» **PROBLEM DESCRIPTION**: Your job with the data below: print everything from the line that holds "曲阜师大新闻中心讯(通讯员:刘彦彦) 为" down to the line that holds "[셀리나7] 2026. 1. 11(일) 목실감", ends included, exactly, and nothing else.

» **LISTED ENTRIES**:
++++

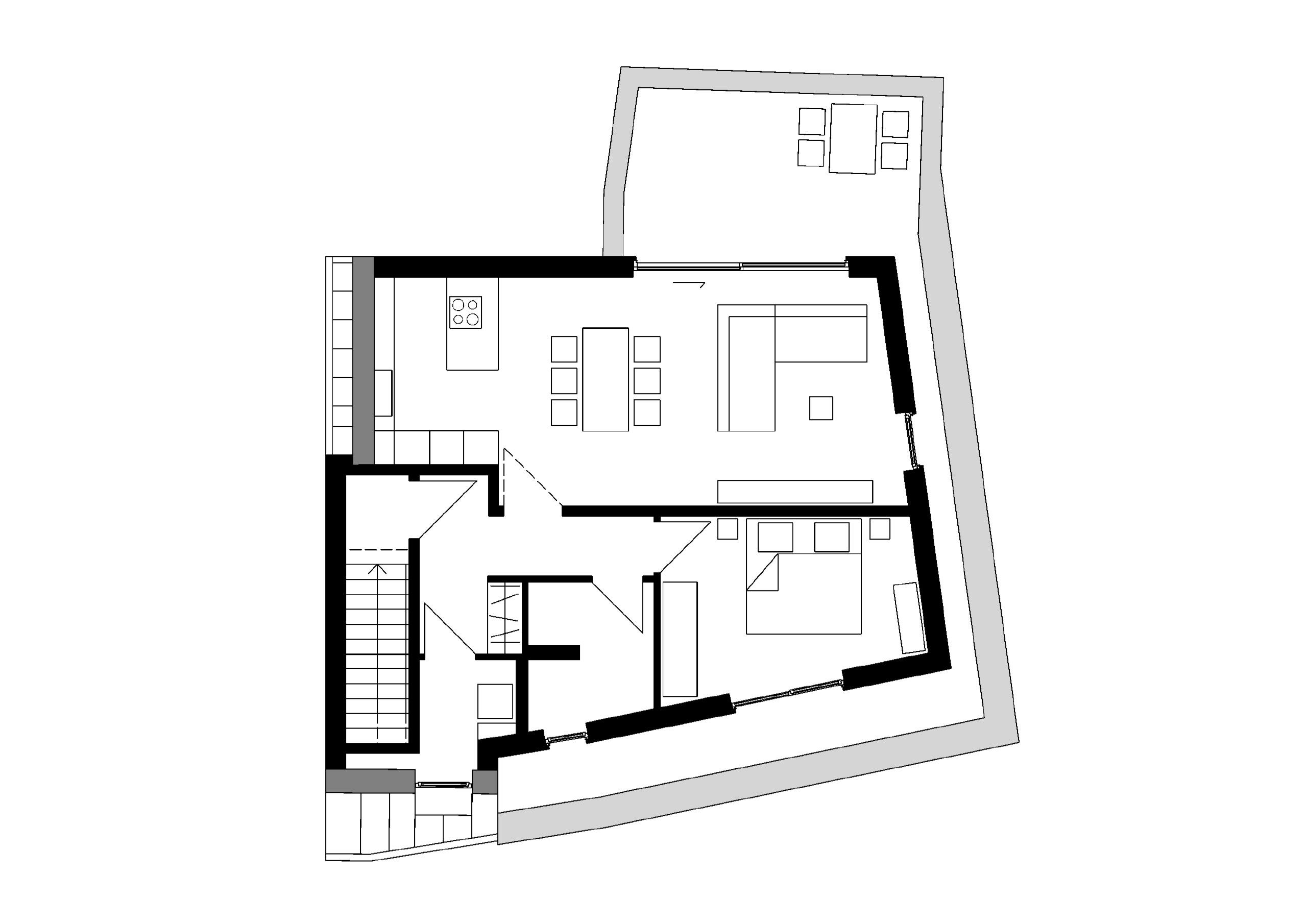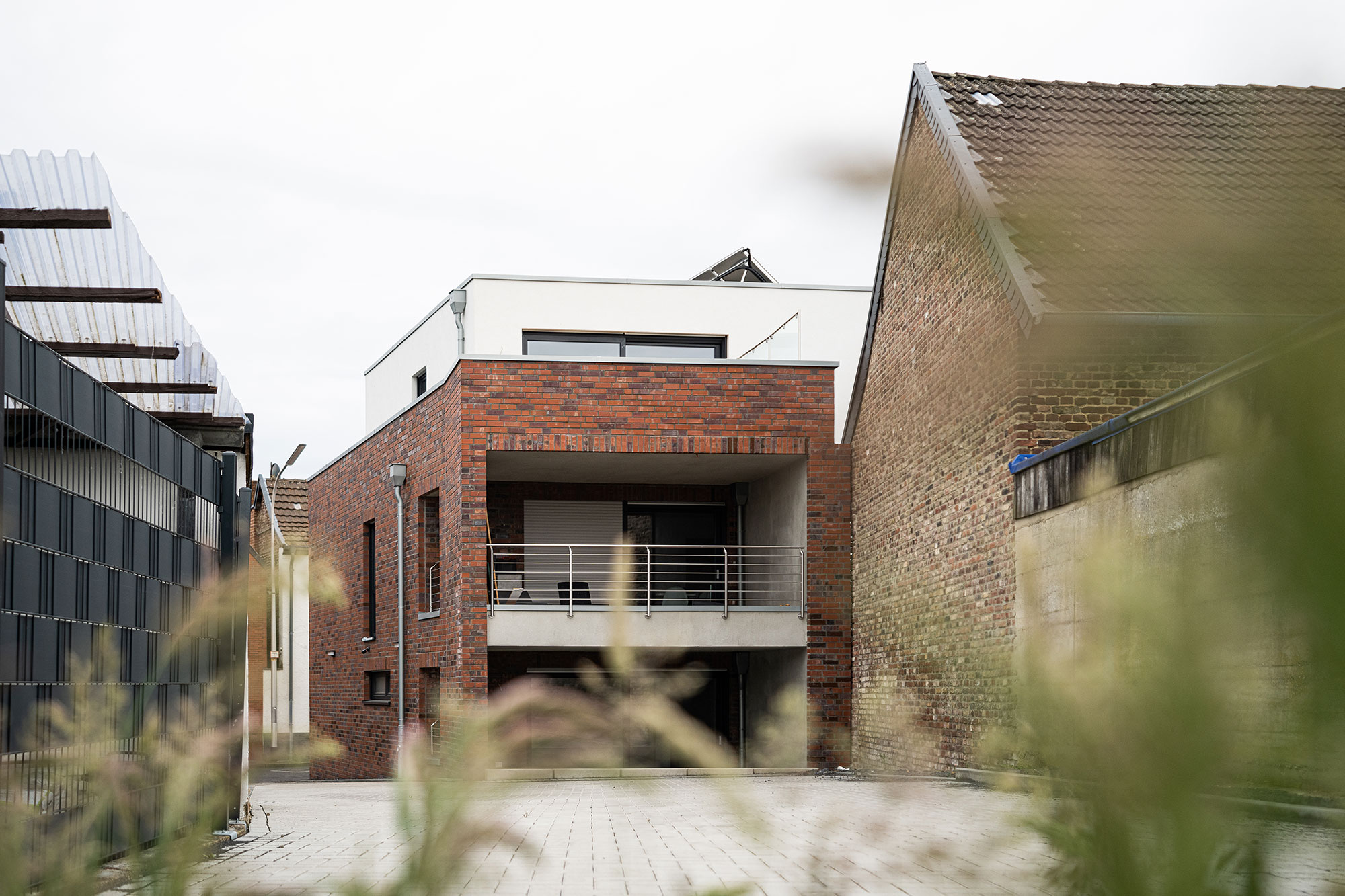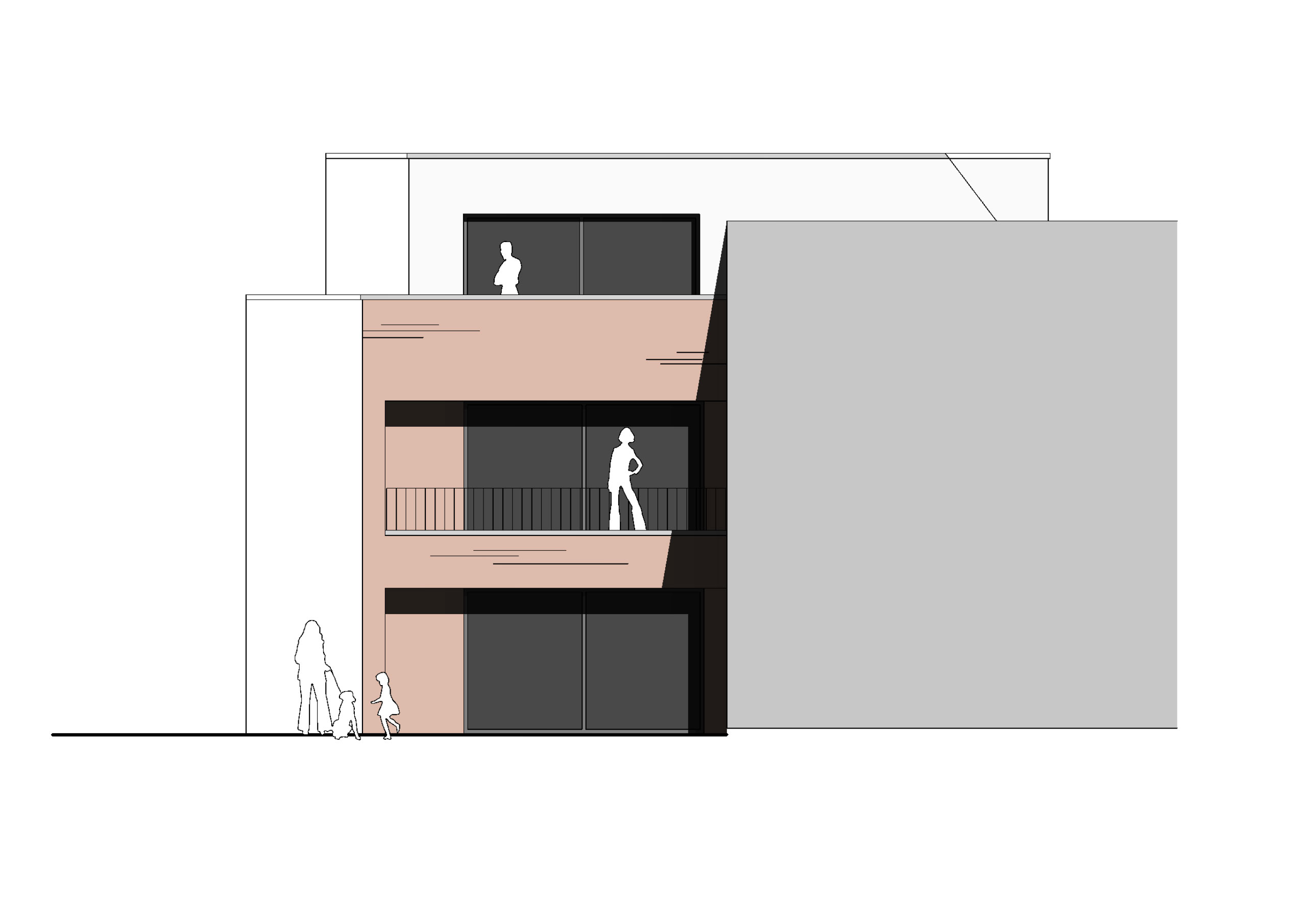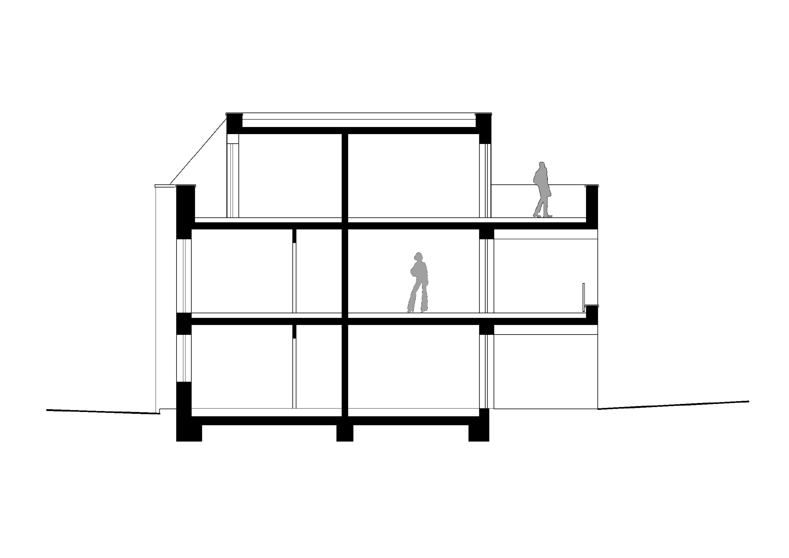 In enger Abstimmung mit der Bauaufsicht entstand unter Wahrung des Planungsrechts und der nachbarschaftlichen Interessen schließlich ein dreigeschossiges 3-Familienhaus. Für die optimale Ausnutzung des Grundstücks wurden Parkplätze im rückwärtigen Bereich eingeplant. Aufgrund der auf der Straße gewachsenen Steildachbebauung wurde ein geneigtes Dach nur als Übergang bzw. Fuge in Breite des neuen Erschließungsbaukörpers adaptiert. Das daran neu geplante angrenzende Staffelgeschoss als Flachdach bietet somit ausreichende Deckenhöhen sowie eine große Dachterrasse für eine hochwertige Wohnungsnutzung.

++++

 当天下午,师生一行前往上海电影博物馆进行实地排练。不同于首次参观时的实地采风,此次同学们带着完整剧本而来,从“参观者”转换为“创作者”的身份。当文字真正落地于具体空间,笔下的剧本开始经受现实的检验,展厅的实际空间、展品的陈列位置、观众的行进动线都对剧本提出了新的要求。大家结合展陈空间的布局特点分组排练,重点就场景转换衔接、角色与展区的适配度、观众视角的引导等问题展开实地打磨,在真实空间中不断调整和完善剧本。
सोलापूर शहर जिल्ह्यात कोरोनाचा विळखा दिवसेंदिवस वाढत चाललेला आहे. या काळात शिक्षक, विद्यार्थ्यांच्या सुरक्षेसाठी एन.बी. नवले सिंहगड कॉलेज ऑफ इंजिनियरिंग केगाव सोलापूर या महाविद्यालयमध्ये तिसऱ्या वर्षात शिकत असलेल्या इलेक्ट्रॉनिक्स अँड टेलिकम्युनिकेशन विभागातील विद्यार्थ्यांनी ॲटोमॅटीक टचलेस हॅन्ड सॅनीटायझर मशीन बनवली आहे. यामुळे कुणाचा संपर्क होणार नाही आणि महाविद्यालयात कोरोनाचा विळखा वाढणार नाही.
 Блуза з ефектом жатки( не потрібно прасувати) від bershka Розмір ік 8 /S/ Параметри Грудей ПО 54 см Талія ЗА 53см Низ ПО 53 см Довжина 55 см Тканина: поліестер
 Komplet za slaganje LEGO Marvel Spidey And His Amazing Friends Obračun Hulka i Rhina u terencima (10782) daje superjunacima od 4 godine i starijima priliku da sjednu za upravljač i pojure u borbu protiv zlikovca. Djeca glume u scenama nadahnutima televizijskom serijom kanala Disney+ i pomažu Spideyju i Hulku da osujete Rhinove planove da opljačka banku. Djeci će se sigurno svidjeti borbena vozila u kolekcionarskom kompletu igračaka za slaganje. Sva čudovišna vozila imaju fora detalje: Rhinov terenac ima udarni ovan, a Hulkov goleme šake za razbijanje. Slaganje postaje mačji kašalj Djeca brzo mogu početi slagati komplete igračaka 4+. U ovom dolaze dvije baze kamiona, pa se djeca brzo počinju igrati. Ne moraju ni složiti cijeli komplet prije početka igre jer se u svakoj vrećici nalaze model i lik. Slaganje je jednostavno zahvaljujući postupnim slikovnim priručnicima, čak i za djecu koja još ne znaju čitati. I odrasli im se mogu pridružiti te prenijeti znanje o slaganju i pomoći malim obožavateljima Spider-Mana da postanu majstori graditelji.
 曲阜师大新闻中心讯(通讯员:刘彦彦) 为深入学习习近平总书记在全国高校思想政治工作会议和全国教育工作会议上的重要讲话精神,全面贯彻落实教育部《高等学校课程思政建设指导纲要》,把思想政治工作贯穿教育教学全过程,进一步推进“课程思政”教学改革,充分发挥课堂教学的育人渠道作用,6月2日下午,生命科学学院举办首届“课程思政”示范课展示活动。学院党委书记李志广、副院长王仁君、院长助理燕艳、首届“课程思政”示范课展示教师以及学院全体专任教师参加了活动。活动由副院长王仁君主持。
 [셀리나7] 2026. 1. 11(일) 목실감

++++

» **SOLUTION TO THIS EXERCISE**:
 曲阜师大新闻中心讯(通讯员:刘彦彦) 为深入学习习近平总书记在全国高校思想政治工作会议和全国教育工作会议上的重要讲话精神,全面贯彻落实教育部《高等学校课程思政建设指导纲要》,把思想政治工作贯穿教育教学全过程,进一步推进“课程思政”教学改革,充分发挥课堂教学的育人渠道作用,6月2日下午,生命科学学院举办首届“课程思政”示范课展示活动。学院党委书记李志广、副院长王仁君、院长助理燕艳、首届“课程思政”示范课展示教师以及学院全体专任教师参加了活动。活动由副院长王仁君主持。
 [셀리나7] 2026. 1. 11(일) 목실감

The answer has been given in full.